__Aim of the exercise__
Exactly the lines from the first line of the records to the line holding "新化縣城從6日凌晨1時起,暴" should be duplicated, and nothing more; pictures stay out.

__Supplied material__
════

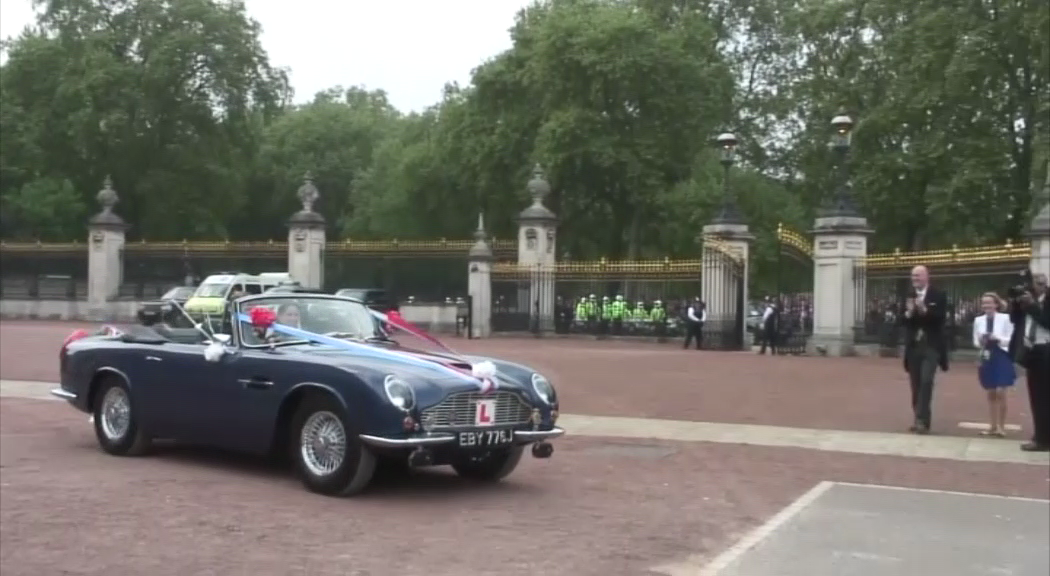Kate & William verlassen den Buckingham Palace im flotten Aston Martin Cabriolet.
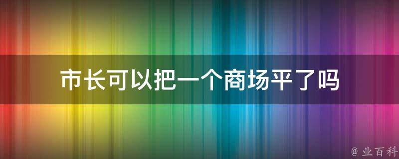 市长不可以把一个商场平了。市长不能直接拆除一个商场。拆除商场需要经过一系列的法律程序和审批程序,并且需要符合城市规划和土地使用规定。在拆除商场之前,市长需要与相关部门协商,并获得相关部门的批准和支持。
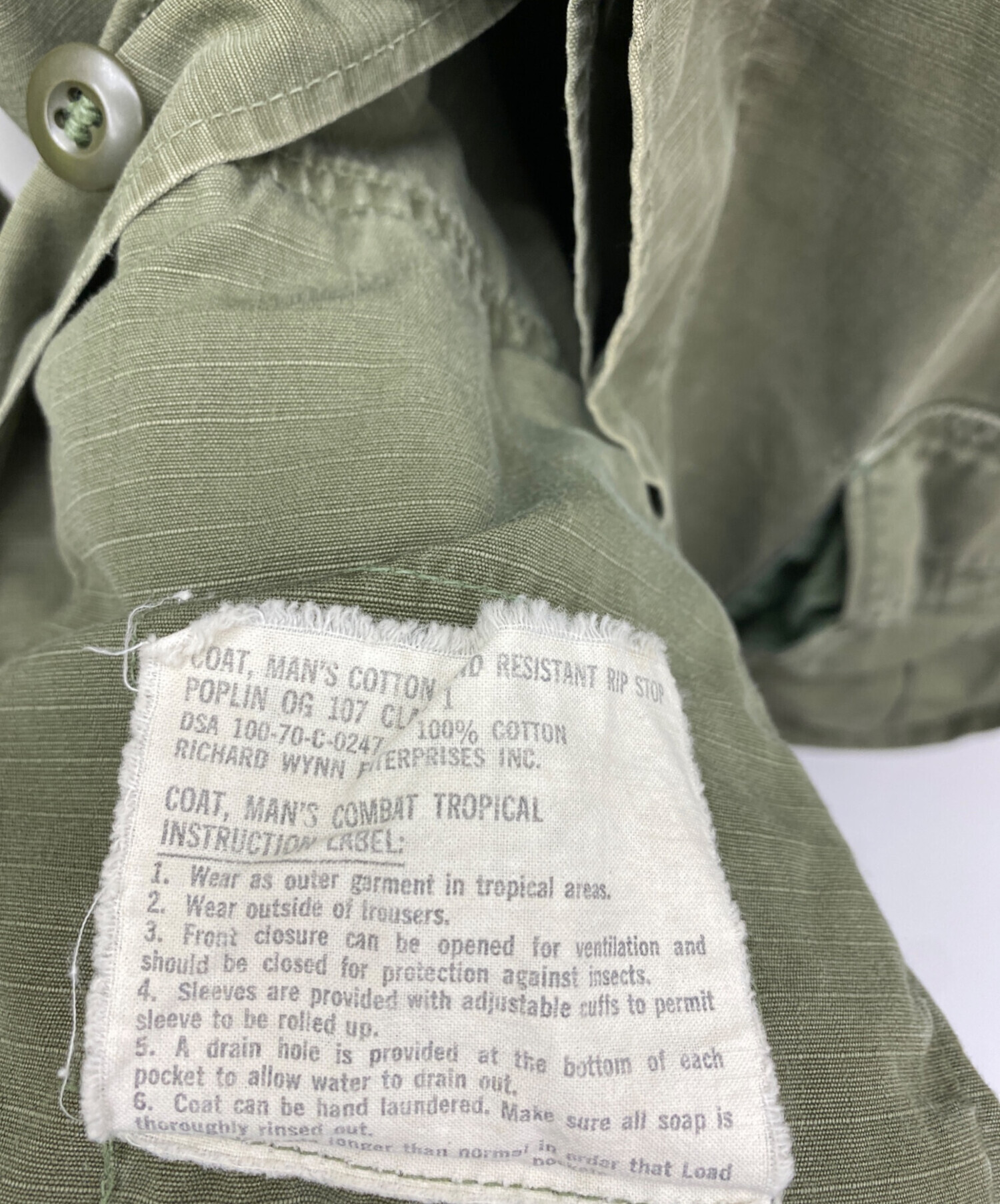 • RICHARD WYNN ENTERPRISES INC.(リチャードウィンエンタープライズ)RICHARD WYNN ENTERPRISES INC. (リチャードウィンエンタープライズ) ジャングルファティーグジャケット グリーン サイズ:MEDIUM-SHORTの古着・服飾アイテム タグはがれ
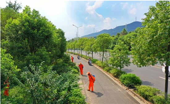 9月21日,大溪镇双塘村,市交通运输局大溪公路养护站职工在桐方线公路两侧喷洒除草剂养护公路。
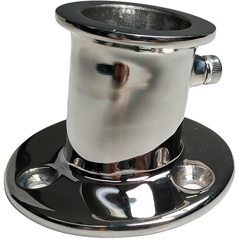Flaggstångshållare för flaggstänger på 32mm. Toppmonterad för utanpåliggande montage med tre försänkta skruvhål. Hållaren kommer med låsskruv för att säkra att flaggstången ej lossnar.
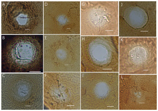 Light micrographs of vulval cones of the cyst population. (A–G,L). Circumfenestrate (with underbridge); (H–K). Circumfenestrate (without underbridge) (Scale bar: (A–J) = 10 μm; (K) = 5 μm; (L) = 20 μm).
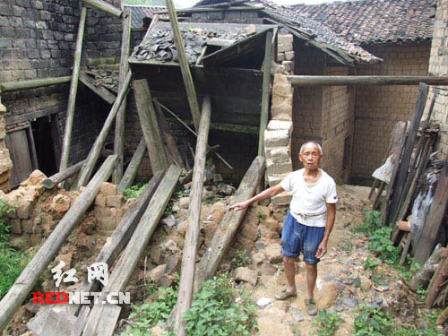 (老人在7.15洪灾倒塌的房屋至今还没修复,总是谢绝别人的帮助)何永康/摄影
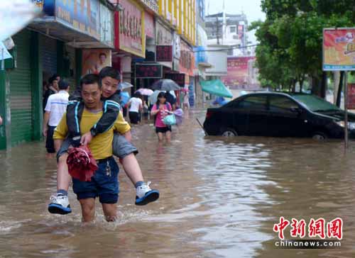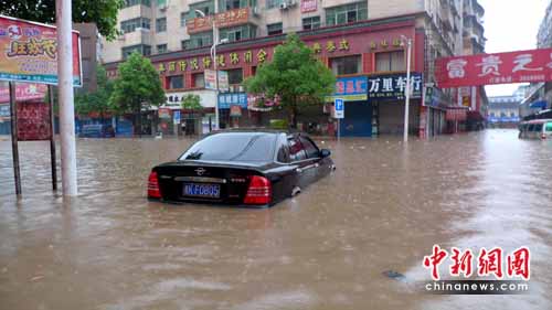 新化縣城從6日凌晨1時起,暴雨一直持續(xù)下到早上9時多。上午8時,受暴雨影響,新化縣城區(qū)寬闊的街道已經(jīng)變成了洶涌的河面,走在地勢較低的街面淹至人大腿。很多市民為了趕著上班,冒險涉水通過。一些汽車因為發(fā)動機(jī)進(jìn)水,拋錨停在道路上。
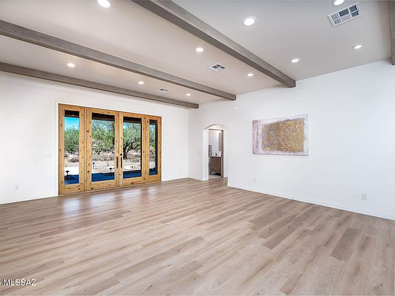 Welcome to your own private retreat on 3.31 acres, where timeless updates blend seamlessly with the beauty of the Sonoran Desert. From the moment you arrive, you'll be captivated by the unobstructed views of the majestic Pusch Ridge mountains. Imagine sipping your morning coffee as the sun rises over the peaks, or winding down in the evenings surrounded by the tranquil glow of desert skies.Inside, the soft neutral palette creates an inviting and serene atmosphere. The spacious living room features a striking wood-beamed ceiling, and a warm fireplace is a wonderful way to greet your guests. You then flow effortlessly into the expansive kitchen with center island and into the cozy family room with an additional fireplace and dining area -- perfect for gatherings both large and small. The spacious and luxurious primary bedroom offers breathtaking mountain views, with a spa like bathroom complete with a spa-like soaking tub, and fully tiled walk-in shower. Guests will enjoy their own private retreats with a junior suite featuring an oversized bath and walk-in multi-jetted shower. It doesn't stop there, there is an additional full bathroom with gorgeous tiled walk-in shower.
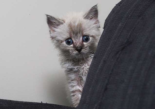 Above: Jolie, a three-year-old Kelpie cross was abandoned with her nine newborn puppies. Pickle Berry was a tiny, orphaned kitten was lost and got stuck in someone's wall.
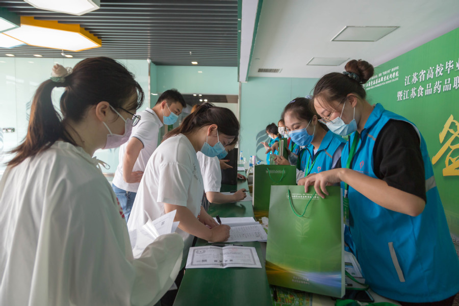 根据疫情防控要求,本次专场招聘会分三天、三个专场举行,分别为食品、酒店类专业专场,药品、制药类专业专场和护理、健康、财贸、机电、信息类专业专场,共吸引中粮东海粮油工业有限公司、江苏雨润肉食品有限公司、卡士酸奶有限公司、扬子江药业集团有限公司、正大天晴药业集团股份有限公司、雷允上药业集团有限公司、苏果超市有限公司、淮安西游乐园有限公司、常州钟恒新材料股份有限公司等342家食品药品行业领先企业来校招聘,提供就业岗位18927个。此次专场招聘会,就业创业指导中心联合团委还同步举办了“直播荐岗”活动,近千名毕业生在线观看了网络直播,该活动通过搭建线上线下就业岗位发布与对接平台,将岗位信息采用线上直播、线下面试相结合的方式,面向我校应往届毕业生进行岗位推荐。

════

__Result below__
Kate & William verlassen den Buckingham Palace im flotten Aston Martin Cabriolet.
 市长不可以把一个商场平了。市长不能直接拆除一个商场。拆除商场需要经过一系列的法律程序和审批程序,并且需要符合城市规划和土地使用规定。在拆除商场之前,市长需要与相关部门协商,并获得相关部门的批准和支持。
 • RICHARD WYNN ENTERPRISES INC.(リチャードウィンエンタープライズ)RICHARD WYNN ENTERPRISES INC. (リチャードウィンエンタープライズ) ジャングルファティーグジャケット グリーン サイズ:MEDIUM-SHORTの古着・服飾アイテム タグはがれ
 9月21日,大溪镇双塘村,市交通运输局大溪公路养护站职工在桐方线公路两侧喷洒除草剂养护公路。
Flaggstångshållare för flaggstänger på 32mm. Toppmonterad för utanpåliggande montage med tre försänkta skruvhål. Hållaren kommer med låsskruv för att säkra att flaggstången ej lossnar.
 Light micrographs of vulval cones of the cyst population. (A–G,L). Circumfenestrate (with underbridge); (H–K). Circumfenestrate (without underbridge) (Scale bar: (A–J) = 10 μm; (K) = 5 μm; (L) = 20 μm).
 (老人在7.15洪灾倒塌的房屋至今还没修复,总是谢绝别人的帮助)何永康/摄影
 新化縣城從6日凌晨1時起,暴雨一直持續(xù)下到早上9時多。上午8時,受暴雨影響,新化縣城區(qū)寬闊的街道已經(jīng)變成了洶涌的河面,走在地勢較低的街面淹至人大腿。很多市民為了趕著上班,冒險涉水通過。一些汽車因為發(fā)動機(jī)進(jìn)水,拋錨停在道路上。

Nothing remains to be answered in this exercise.